→ ABOUT THIS EXERCISE: The reply should hold only the lines below beginning at the one with "3.零代码平民化:算力再便宜" and ending at the one with "Дано рівносторонній трикутник", copied exactly, with every picture left out.

→ DATA TO PROCESS:
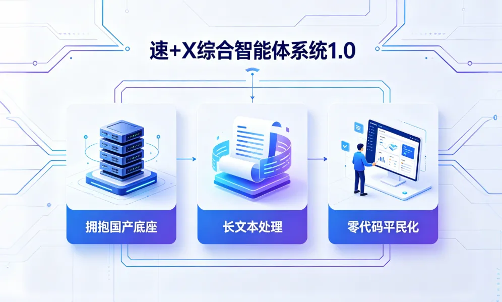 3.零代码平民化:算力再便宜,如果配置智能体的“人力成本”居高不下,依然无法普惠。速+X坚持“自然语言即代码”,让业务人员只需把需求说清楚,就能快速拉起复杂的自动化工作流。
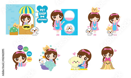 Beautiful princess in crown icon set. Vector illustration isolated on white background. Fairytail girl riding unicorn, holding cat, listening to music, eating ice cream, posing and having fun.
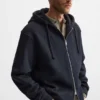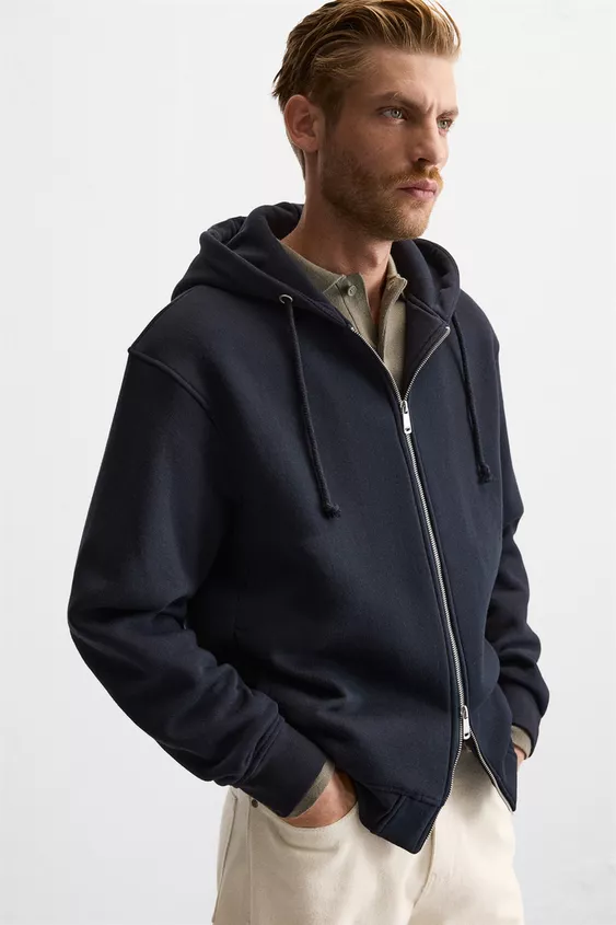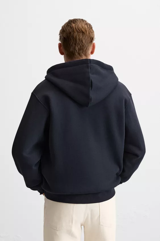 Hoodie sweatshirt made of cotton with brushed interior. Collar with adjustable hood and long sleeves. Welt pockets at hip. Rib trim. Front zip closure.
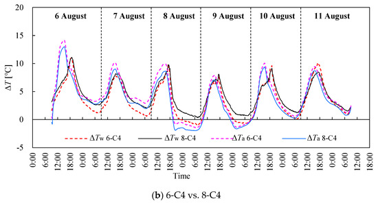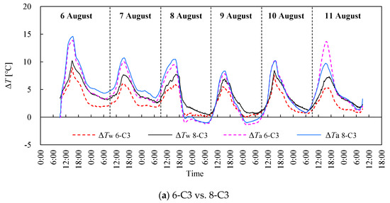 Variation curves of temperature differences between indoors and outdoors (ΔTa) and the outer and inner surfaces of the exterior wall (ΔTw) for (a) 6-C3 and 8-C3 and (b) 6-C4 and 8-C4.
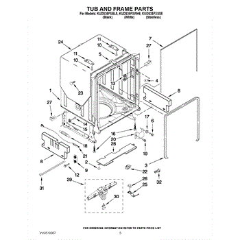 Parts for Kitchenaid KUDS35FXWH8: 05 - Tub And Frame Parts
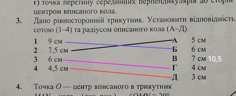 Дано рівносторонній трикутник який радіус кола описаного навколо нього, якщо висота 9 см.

---

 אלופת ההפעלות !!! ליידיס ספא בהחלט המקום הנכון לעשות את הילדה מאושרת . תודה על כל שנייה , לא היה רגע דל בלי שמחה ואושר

--

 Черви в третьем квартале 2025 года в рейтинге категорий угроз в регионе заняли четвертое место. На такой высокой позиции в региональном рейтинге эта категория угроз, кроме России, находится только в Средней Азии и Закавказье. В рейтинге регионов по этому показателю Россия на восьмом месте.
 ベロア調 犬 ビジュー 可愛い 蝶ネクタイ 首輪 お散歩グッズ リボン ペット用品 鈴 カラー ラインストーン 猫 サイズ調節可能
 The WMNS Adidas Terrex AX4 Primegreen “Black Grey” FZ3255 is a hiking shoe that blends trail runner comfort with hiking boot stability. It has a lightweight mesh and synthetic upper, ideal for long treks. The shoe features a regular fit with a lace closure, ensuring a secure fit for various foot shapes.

→ EXERCISE ANSWER:
 3.零代码平民化:算力再便宜,如果配置智能体的“人力成本”居高不下,依然无法普惠。速+X坚持“自然语言即代码”,让业务人员只需把需求说清楚,就能快速拉起复杂的自动化工作流。
 Beautiful princess in crown icon set. Vector illustration isolated on white background. Fairytail girl riding unicorn, holding cat, listening to music, eating ice cream, posing and having fun.
 Hoodie sweatshirt made of cotton with brushed interior. Collar with adjustable hood and long sleeves. Welt pockets at hip. Rib trim. Front zip closure.
 Variation curves of temperature differences between indoors and outdoors (ΔTa) and the outer and inner surfaces of the exterior wall (ΔTw) for (a) 6-C3 and 8-C3 and (b) 6-C4 and 8-C4.
 Parts for Kitchenaid KUDS35FXWH8: 05 - Tub And Frame Parts
 Дано рівносторонній трикутник який радіус кола описаного навколо нього, якщо висота 9 см.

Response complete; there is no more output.